Mackinawite (/ˈmækɪnɔːaɪt/ MAK-i-naw-eyet) is an iron sulfide mineral, which can contain nickel substituting for iron(II), with as chemical formula (Fe,Ni)1+xS (where x = 0 to 0.11). As indicated by its chemical composition, Fe_{(1+×)}, Fe is present with an excess of × over S, and it is thus an iron-rich, or a sulfur-deficient, iron monosulfide mineral. The mineral crystallizes in the tetragonal crystal system and has been described as a distorted, close packed, cubic array of S atoms with some of the gaps filled with Fe. Mackinawite occurs as opaque bronze to grey-white tabular crystals and anhedral masses. It has a Mohs hardness of 2.5 and a specific gravity of 4.17. It was first described in 1962 for an occurrence in the Mackinaw mine, Snohomish County, Washington for which it was named.

==Occurrence==

Mackinawite occurs in serpentinized peridotites as a hydrothermal alteration product, in meteorites, and in association with chalcopyrite, cubanite, pentlandite, pyrrhotite, greigite, maucherite, and troilite. Mackinawite also occurs in reducing environments such as freshwater and marine sediments as a result of the metabolism of iron and sulfate-reducing bacteria.

In anoxic environments, mackinawite is formed by the reaction of HS^{−} with either Fe^{2+} ions or with Fe metal. Mackinawite is a metastable mineral that occurs predominantly as a poorly crystalline precipitate. After the initiation of precipitation, mackinawite can take up to 2 years to form at 25 °C. It has been reported that mackinawite can be stable for up to 16 weeks at temperatures up to 100 °C at pH values from 3–12. Laboratories have also produced synthetic mackinawite to study its formation using several different methods such as reacting sulfide with metallic iron or a solution of ferrous iron, growing sulfide reducing bacteria using Fe^{2+}, and electrochemically.

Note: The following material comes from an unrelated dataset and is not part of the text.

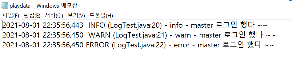 //2021-07-28 16:50:46,350 INFO (LogTest.java:18) - master 로그인 했다 ~~

==Transformations in the environment==

Depending on the redox conditions mackinawite can form more stable phases such as greigite and ultimately pyrite, an important mineral in anoxic aqueous settings that is preserved in sedimentary deposits, especially black shale. While it has been determined that mackinawite is a necessary precursor to pyrite, the pathway of iron sulfide mineral formation from aqueous species to solid mineral is still nebulous. Many iron sulfide minerals may exist in the transition between poorly ordered mackinawite and crystalline pyrite such as greigite, smithite, and pyrrhotite; however, studies have also indicated that pyrite formation from mackinawite can occur where oxidation has commenced and the sulfur present is in intermediate oxidation states (−1 to +6) and intermediate sulfur species such as elemental sulfur or polysulfides and surface oxidized monosulfide species, such as oxidized mackinawite or greigite are present.